High-tech industries are crucial for the Israeli economy, whose tech-literate workforce is sought after by the big multinationals, hundreds of which have offices and research centres there. Intel’s new $25bn factory in southern Israel, due to open in 2027, is the largest single investment ever made in the country.

Inside Israel’s NSA

Israel’s system of national military service is mandatory for all Israelis over the age of 18. The brightest brains often end up working in the Israel Defence Forces’ secretive Unit 8200, responsible for Israel’s signals intelligence. It is one of the world’s most powerful surveillance agencies, comparable to the US National Security Agency (NSA) or Britain’s Government Communications Headquarters (GCHQ). Its head, Yossi Sariel, helped write Israel’s AI strategy.

In his 2021 book, Sariel describes an AI-powered “targets machine”, describing the target recommendation systems that the IDF is now known to have been using in Gaza.
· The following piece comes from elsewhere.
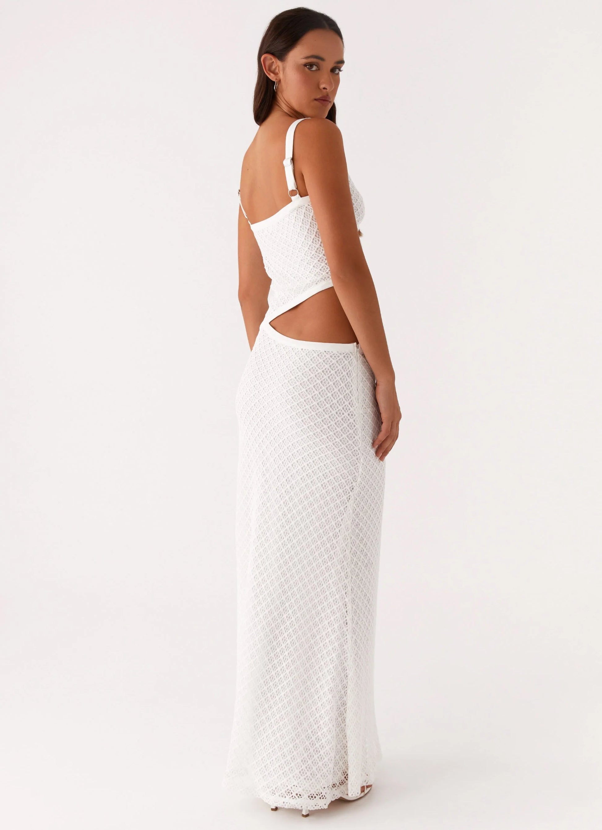 Sleeveless maxi dress with a flattering slim fit. Features a scoop neckline, adjustable spaghetti straps, and subtle cutout detailing. Crafted from a soft stretch blend for a sculpted silhouette and comfortable all-day wear.

Sure enough, Unit 8200 is now known to have developed Lavendar, the AI system used to identify Palestinian fighters in Gaza. All six of the Israeli intelligence officers who spoke to journalist Yuval Abraham for the joint +972 Magazine report with Local Call said that Lavender had played a central role in the war by identifying potential “junior” operatives to target.

Four of the sources said that, at one stage early in the war, Lavender listed as many as 37,000 Palestinians to target. In summary, Israel is determined to make sure it has the best weapons and most up-to-date technology to help it to victory in Gaza and ensure its security in the Middle East.

Being an attractive tech hub creates an environment to foster further development, meaning the country and its military are well-placed to benefit from advances. The war in Gaza has shown that Israel’s partnership with tech giants has helped it acquire what amounts to a lethal weapon: information used to track and identify Palestinians and the technology to reach them as it sees fit.